In this program, first from the directory/home/an/? Documents/a00_documents/spark4py 20150315 reads the file to file_in. Then calculates the number of lines in the file and the number of characters per line.

We split the file into words and lowercase. For the purpose of counting words, we choose words more than three characters to avoid high-frequency words like the, and, for. Generally, these are considered to be stop words and should be filtered out by the language processing task. At this stage, we prepare the MapReduce step, each word map to a value of 1, to calculate the number of occurrences of all unique words. ? This is the code description in Ipython notebook. The first ten cells are extracted from the local file by the word statistics preprocessing data set on the dataset.

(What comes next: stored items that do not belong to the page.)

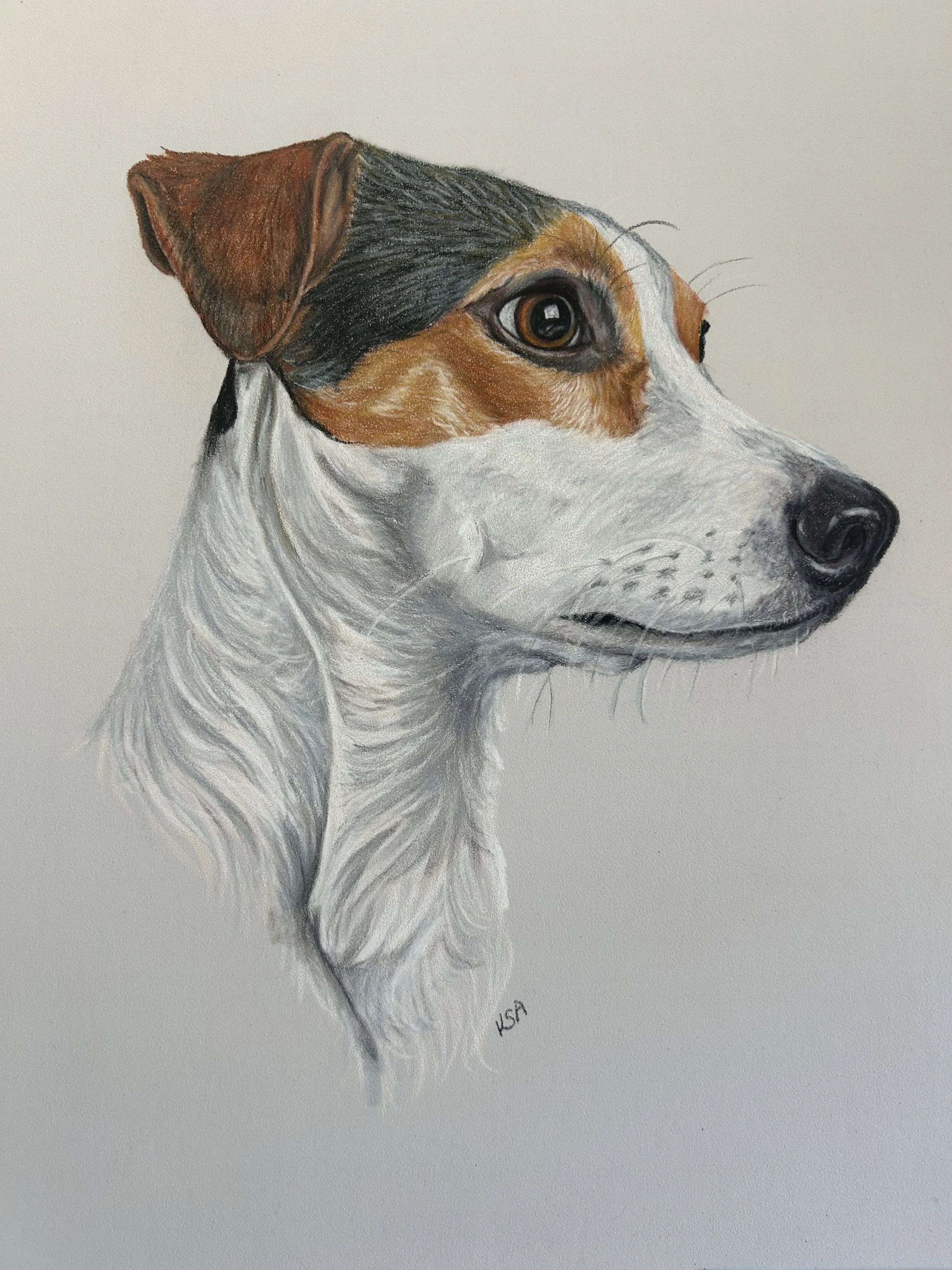 "The Watcher" A4 Pastelmat and Pencil ref with permission Gorgeous rendition of a Jack Russel Terrier. Always on guard, watching.
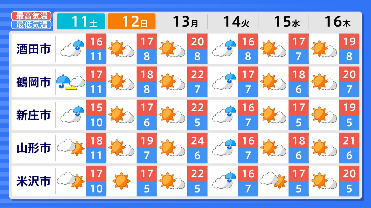 酒田市 新庄市 最上町 鶴岡市 寒河江市 村山市 山形市 長井市 小国町 米沢市
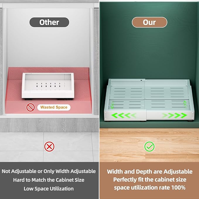 - Wider & Deeper Adjustability:Our pull-out cabinet organizer features 4-way adjustable sizing, extending from 11.4" to 18.9" in width and 16.3" to 21.6" in depth, ensuring a perfect fit for most base cabinets. Unlike standard organizers with limited adjustability, this versatile design adapts to your storage needs, whether for pots, pans, spices, or small appliances.
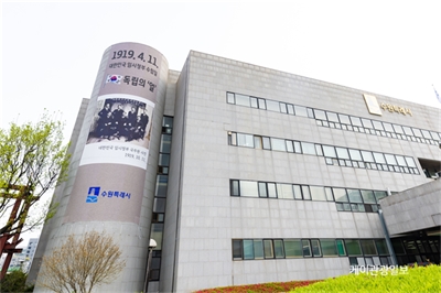 ¼ö¿ø½Ã, ½Ãû»ç ¿Üº®¿¡ ¡®Á¦105Áֳ⠴ëÇѹα¹ ÀÓ½ÃÁ¤ºÎ ¼ö¸³¡¯ ±â³ä Çö¼ö¸· °Ô½ÃÀÌÀçÁØ ¼ö¿ø½ÃÀå, ¡°3.1¿îµ¿À» ¹Ø°Å¸§À¸·Î ź»ýÇÑ ´ëÇѹα¹ÀÓ½ÃÁ¤ºÎ´Â ¹ÎÁÖ°øÈ­±¹...
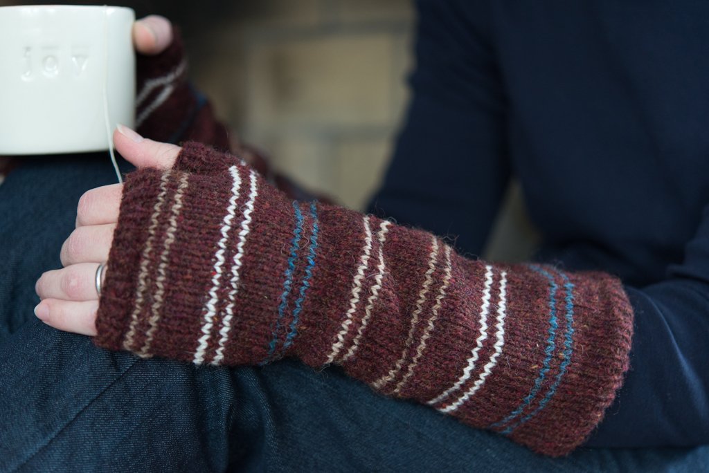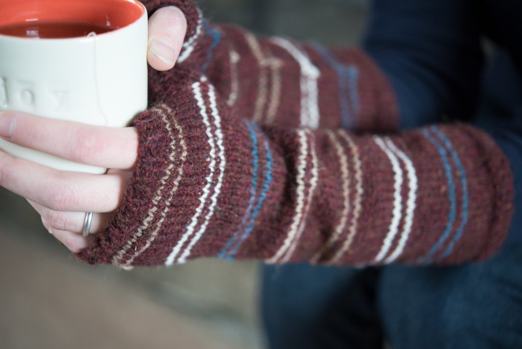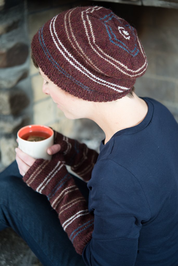 I wear hats and fingerless mitts inside all winter – what can I say? I keep it cold in here - and these have become my absolute favorites. The hat and mitts are both intended to be just a little slouchy, just a little broken-in in feeling. They should give you a hug, rather than stretch sleekly over your skin. I wanted the fingerless mitts, in particular, to feel like legwarmers, but for your arms - so they're shaped, with a long, slightly-slouched length.
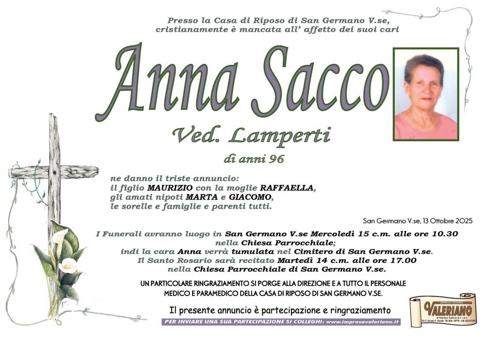 Partecipazione al lutto per la scomparsa di ANNA SACCO di anni 96
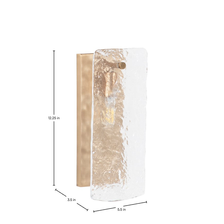 Introducing the Augusta Sconce, an elegant extension of the Augusta Flush Mount, featuring a sleek back metal plate finished in antique brass, offering a touch of timeless elegance. The centerpiece of the design is the textured cast glass panel, which acts as a beautiful diffuser, softening the light and creating a warm, inviting glow. The Augusta Sconce is ADA compliant, making it an ideal choice for both residential and commercial settings. Whether it's adding a refined touch to a hallway, accentuating the ambiance of a living room, or bringing a modern flair to a commercial space, this sconce is versatile and stylish.
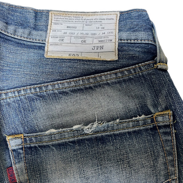 EDWIN 53503 ユーズド加工 デニム 32×32 日本製 エドウィン |
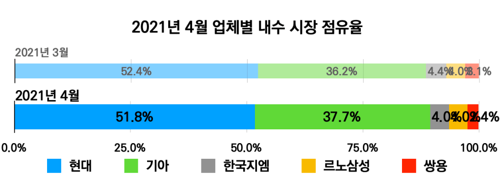 업체별 실적 발표 자료를 정리한 2021년 4월 국내 브랜드 내수 판매 실적 및 점유율입니다.
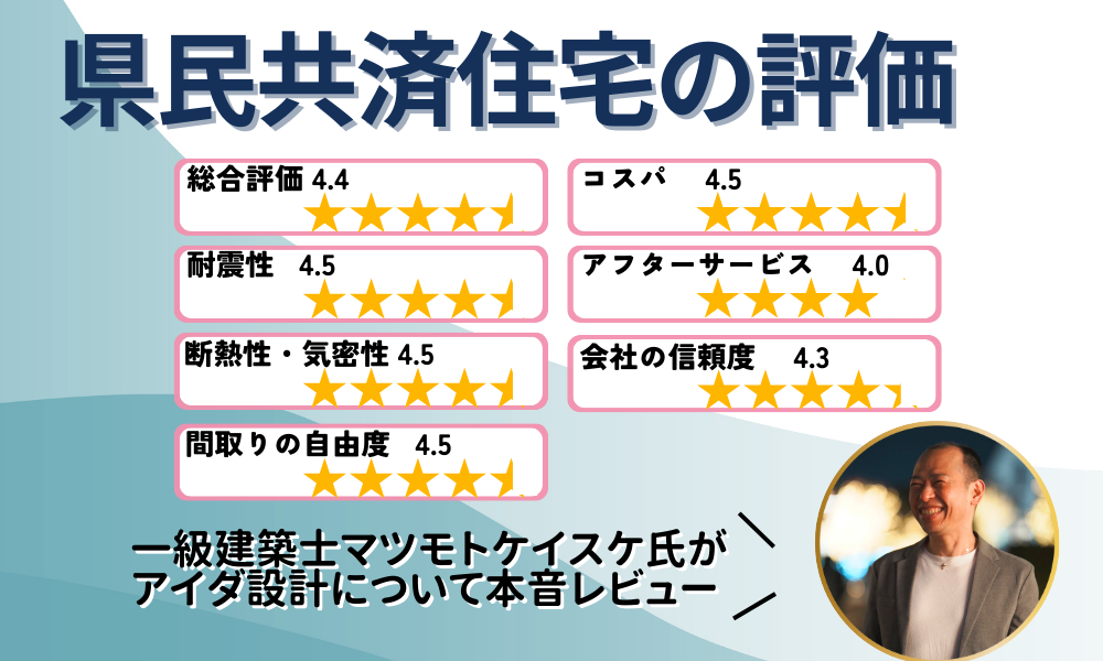 そんな県民共済住宅は、一級建築士である筆者による全体評価がこちら!
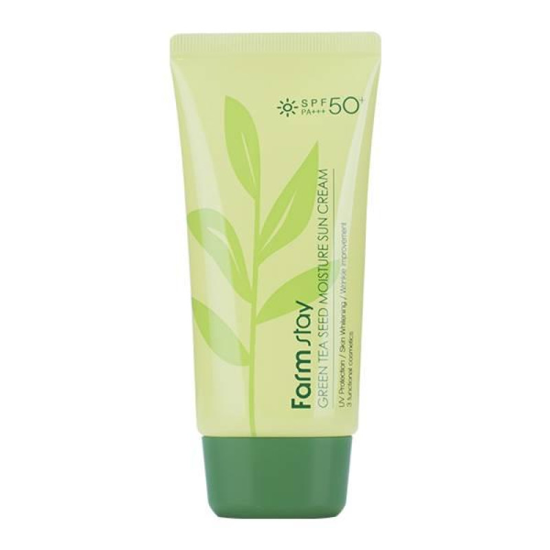 Крем FARMSTAY GREEN TEA SEED MOISTURE SUN CREAM - обеспечивает качественную защиту от ультрафиолета, предупреждает образование покраснений и пигментных пятен, питает витаминным комплексом.
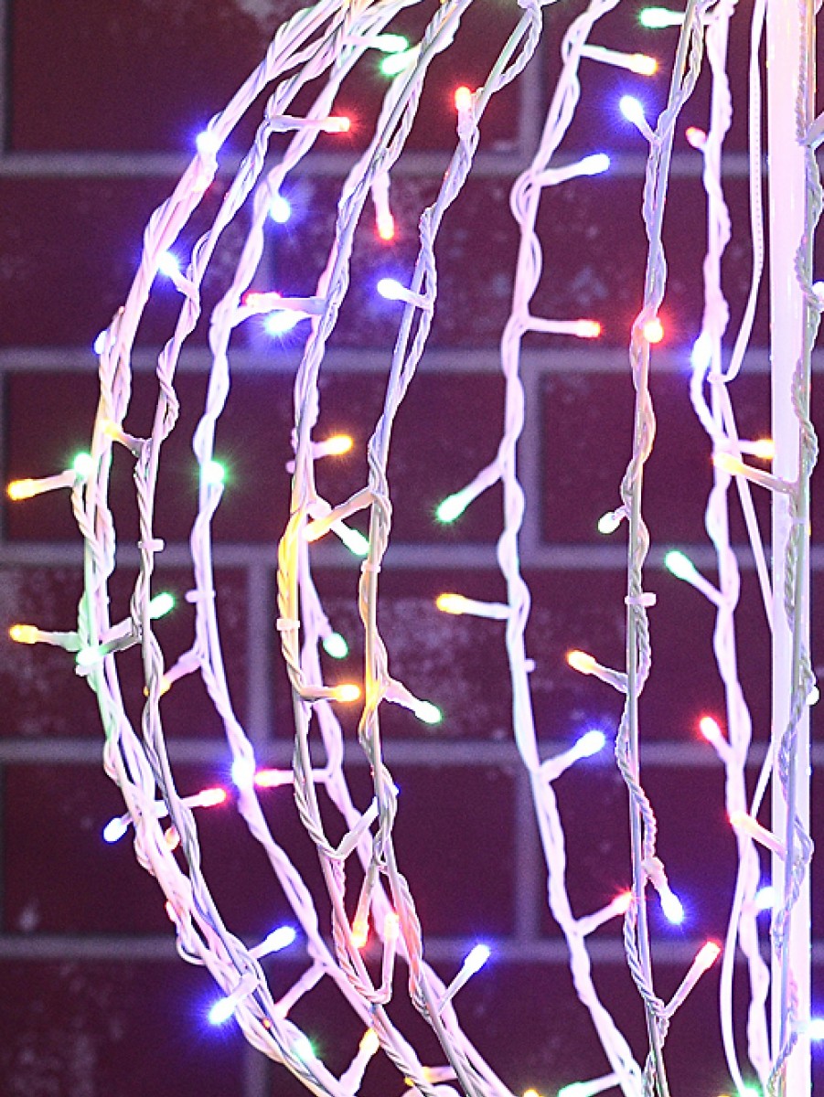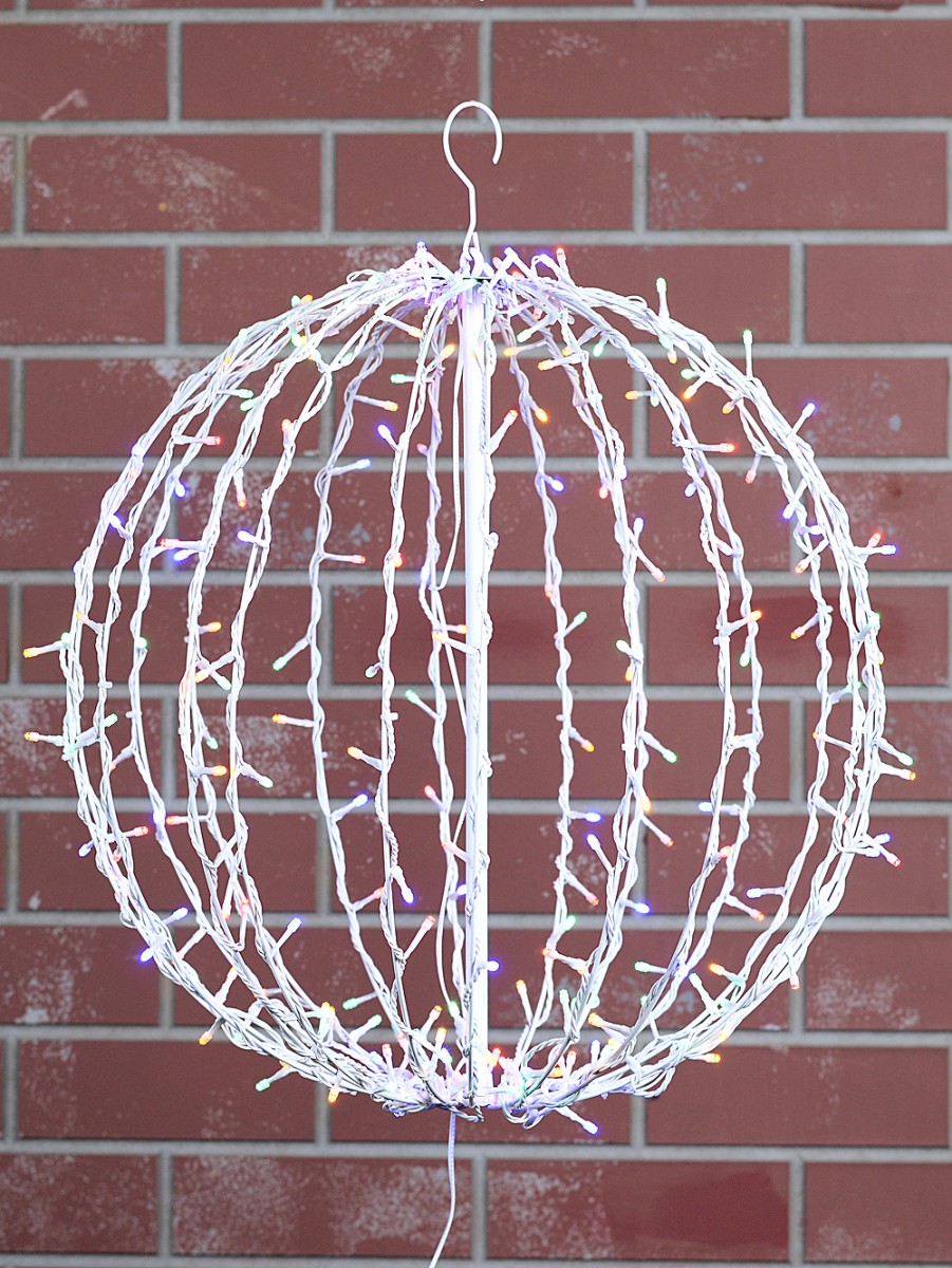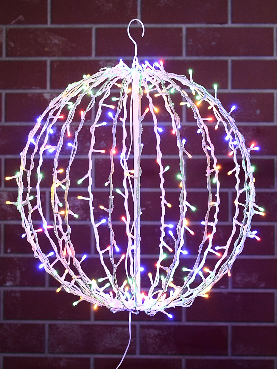 Our hanging sphere string light display can transform any space into a magical and festive wonderland. Its neon and vibrant colours can also breathe an eclectic trend into your interior decor. When illuminated, these lights create a mesmerising cluster of light points that twinkle and dance, resembling a celestial fireworks display. This enchanting effect adds a touch of magic to both your indoor and outdoor decor. This display comes with a mounted frame and a large hook loop, making it effortless to hang whether it's in your garden, on a porch, or indoors. You can fill the hollow interior of the light ball with ribbons, bows, or other decorative items to customise the scene to your liking.

The word frequency statistic tuple is exchanged in (count, Microsoft) format to sort count as the key of the tuple:?

 #  create  tuple  (count,  word)  and  sort  in  descending? words  =  words.map(lambda  x:  (x[1],  x[0])).sortByKey(False)?? #  take  top  20  words  by  frequency? words.take(20)

In the future, we create a (count, word) tuple to display the highest 20 words in reverse order of the word frequency:

Generate histogram:?

 # Create function for histogram of the most frequent words?? % matplotlib Inline???ImportMatplotlib.pyplot asPlt????#?????? defhistogram(words):  ????? Count = Map (Lambdax:x[1], words) m????? Word = Map (Lambdax:x[0], words)????? Plt.barh (Len (count)), Count,color =' Grey ')  ????? Plt.yticks (Len (count)), word)??# Change Order of tuples (word, count) from (count, word)? Words = Words.map (LambdaX: (x[1], x[0])? Words.take ( -)??# Display HistogramHistogram (Words.take ( -))

We can see the high-frequency words drawn in the form of histograms, we have exchanged the primitive tuple (count, word) for (Word, count):

So, we've also reviewed all the high-frequency words Spark, Data, and Anaconda in this chapter.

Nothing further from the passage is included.